(Stored data)
=== Section Start ===

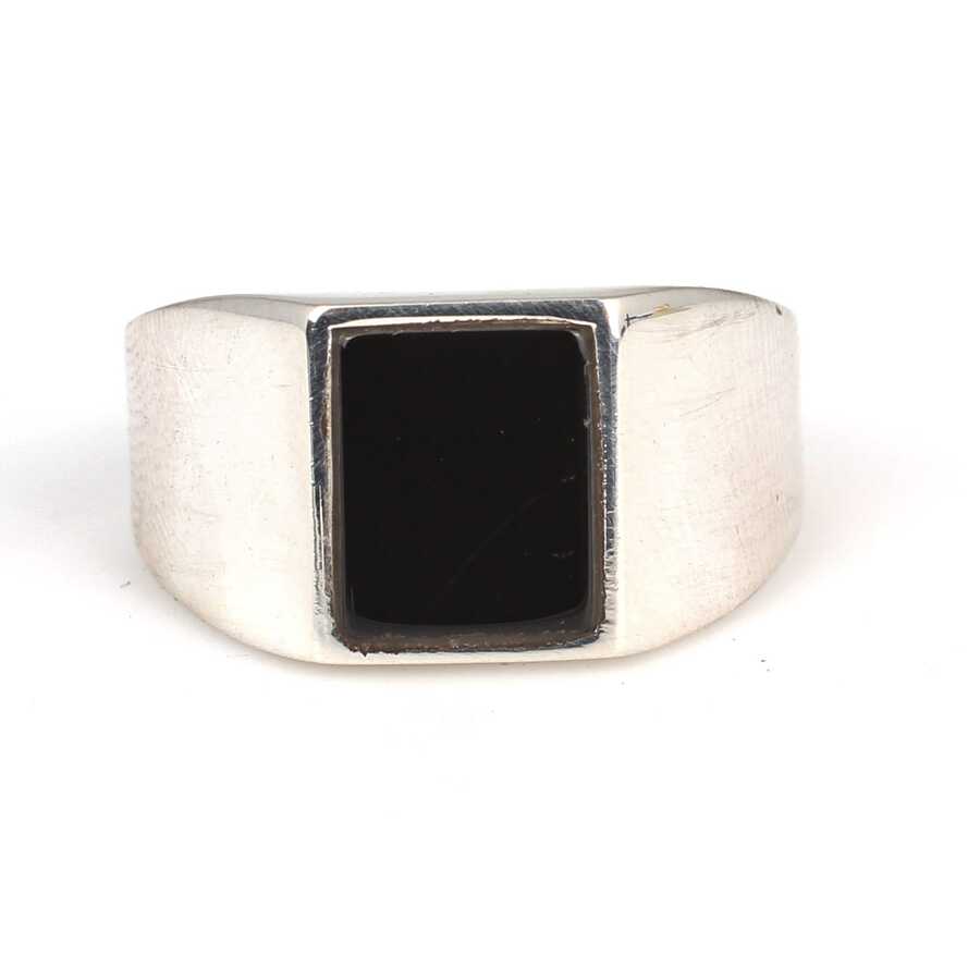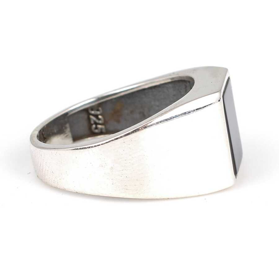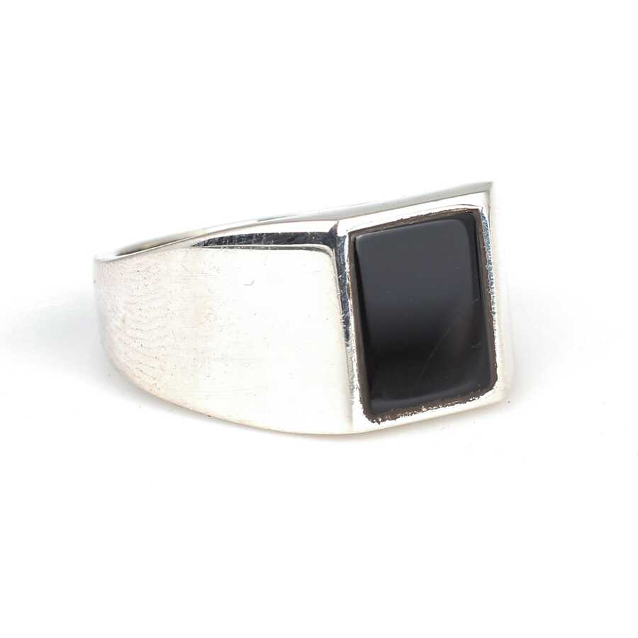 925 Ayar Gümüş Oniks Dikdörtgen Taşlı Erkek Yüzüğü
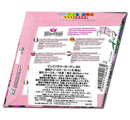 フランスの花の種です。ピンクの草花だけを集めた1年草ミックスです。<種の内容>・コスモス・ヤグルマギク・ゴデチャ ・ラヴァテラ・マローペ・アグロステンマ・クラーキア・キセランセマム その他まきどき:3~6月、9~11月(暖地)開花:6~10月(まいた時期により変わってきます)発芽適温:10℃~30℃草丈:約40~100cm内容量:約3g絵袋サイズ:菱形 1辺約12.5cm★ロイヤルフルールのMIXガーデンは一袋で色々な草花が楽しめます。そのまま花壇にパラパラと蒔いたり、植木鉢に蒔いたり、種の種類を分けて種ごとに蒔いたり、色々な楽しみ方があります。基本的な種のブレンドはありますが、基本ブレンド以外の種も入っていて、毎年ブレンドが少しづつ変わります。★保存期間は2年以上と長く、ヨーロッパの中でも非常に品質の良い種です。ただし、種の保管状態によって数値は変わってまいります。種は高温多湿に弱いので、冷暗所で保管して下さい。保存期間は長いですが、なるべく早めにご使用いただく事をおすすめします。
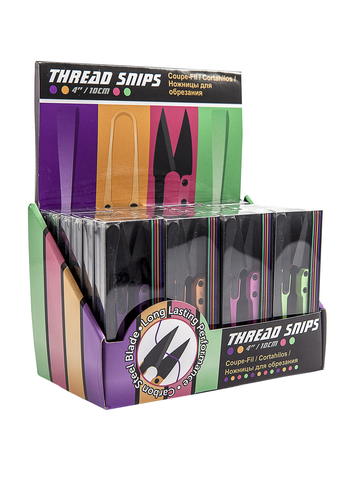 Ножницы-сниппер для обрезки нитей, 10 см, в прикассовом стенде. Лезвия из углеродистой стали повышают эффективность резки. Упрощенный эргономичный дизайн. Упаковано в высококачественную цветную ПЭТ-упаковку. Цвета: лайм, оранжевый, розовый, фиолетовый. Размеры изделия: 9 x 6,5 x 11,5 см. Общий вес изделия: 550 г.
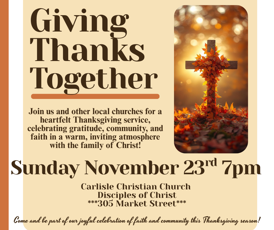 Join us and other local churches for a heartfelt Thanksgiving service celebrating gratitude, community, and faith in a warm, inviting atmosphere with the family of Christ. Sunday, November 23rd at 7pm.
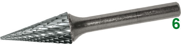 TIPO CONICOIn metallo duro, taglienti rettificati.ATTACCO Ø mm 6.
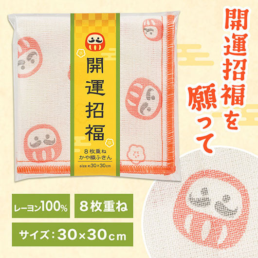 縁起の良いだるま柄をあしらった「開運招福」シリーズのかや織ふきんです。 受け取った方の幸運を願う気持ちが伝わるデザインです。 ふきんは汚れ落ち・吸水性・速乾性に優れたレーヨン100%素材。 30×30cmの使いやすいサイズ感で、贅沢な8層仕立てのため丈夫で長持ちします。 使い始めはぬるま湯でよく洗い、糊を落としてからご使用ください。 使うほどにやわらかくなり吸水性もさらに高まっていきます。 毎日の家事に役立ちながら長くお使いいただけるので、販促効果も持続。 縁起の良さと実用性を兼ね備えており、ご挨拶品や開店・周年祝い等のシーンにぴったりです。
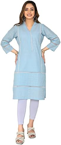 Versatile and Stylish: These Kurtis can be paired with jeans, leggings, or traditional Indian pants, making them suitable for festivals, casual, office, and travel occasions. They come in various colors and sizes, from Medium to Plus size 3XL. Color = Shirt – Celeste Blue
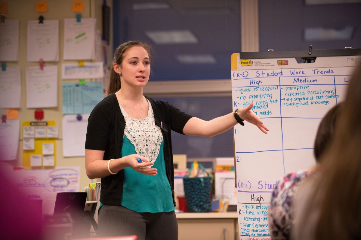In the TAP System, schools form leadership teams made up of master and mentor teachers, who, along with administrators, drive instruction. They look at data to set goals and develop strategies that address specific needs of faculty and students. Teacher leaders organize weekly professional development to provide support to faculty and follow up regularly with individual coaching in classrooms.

=== Section End ===

-- Your objective --
Copy out each line of the data exactly as it reads; skip the pictures.

-- Reply --
 925 Ayar Gümüş Oniks Dikdörtgen Taşlı Erkek Yüzüğü
 フランスの花の種です。ピンクの草花だけを集めた1年草ミックスです。<種の内容>・コスモス・ヤグルマギク・ゴデチャ ・ラヴァテラ・マローペ・アグロステンマ・クラーキア・キセランセマム その他まきどき:3~6月、9~11月(暖地)開花:6~10月(まいた時期により変わってきます)発芽適温:10℃~30℃草丈:約40~100cm内容量:約3g絵袋サイズ:菱形 1辺約12.5cm★ロイヤルフルールのMIXガーデンは一袋で色々な草花が楽しめます。そのまま花壇にパラパラと蒔いたり、植木鉢に蒔いたり、種の種類を分けて種ごとに蒔いたり、色々な楽しみ方があります。基本的な種のブレンドはありますが、基本ブレンド以外の種も入っていて、毎年ブレンドが少しづつ変わります。★保存期間は2年以上と長く、ヨーロッパの中でも非常に品質の良い種です。ただし、種の保管状態によって数値は変わってまいります。種は高温多湿に弱いので、冷暗所で保管して下さい。保存期間は長いですが、なるべく早めにご使用いただく事をおすすめします。
 Ножницы-сниппер для обрезки нитей, 10 см, в прикассовом стенде. Лезвия из углеродистой стали повышают эффективность резки. Упрощенный эргономичный дизайн. Упаковано в высококачественную цветную ПЭТ-упаковку. Цвета: лайм, оранжевый, розовый, фиолетовый. Размеры изделия: 9 x 6,5 x 11,5 см. Общий вес изделия: 550 г.
 Join us and other local churches for a heartfelt Thanksgiving service celebrating gratitude, community, and faith in a warm, inviting atmosphere with the family of Christ. Sunday, November 23rd at 7pm.
 TIPO CONICOIn metallo duro, taglienti rettificati.ATTACCO Ø mm 6.
 縁起の良いだるま柄をあしらった「開運招福」シリーズのかや織ふきんです。 受け取った方の幸運を願う気持ちが伝わるデザインです。 ふきんは汚れ落ち・吸水性・速乾性に優れたレーヨン100%素材。 30×30cmの使いやすいサイズ感で、贅沢な8層仕立てのため丈夫で長持ちします。 使い始めはぬるま湯でよく洗い、糊を落としてからご使用ください。 使うほどにやわらかくなり吸水性もさらに高まっていきます。 毎日の家事に役立ちながら長くお使いいただけるので、販促効果も持続。 縁起の良さと実用性を兼ね備えており、ご挨拶品や開店・周年祝い等のシーンにぴったりです。
 Versatile and Stylish: These Kurtis can be paired with jeans, leggings, or traditional Indian pants, making them suitable for festivals, casual, office, and travel occasions. They come in various colors and sizes, from Medium to Plus size 3XL. Color = Shirt – Celeste Blue
In the TAP System, schools form leadership teams made up of master and mentor teachers, who, along with administrators, drive instruction. They look at data to set goals and develop strategies that address specific needs of faculty and students. Teacher leaders organize weekly professional development to provide support to faculty and follow up regularly with individual coaching in classrooms.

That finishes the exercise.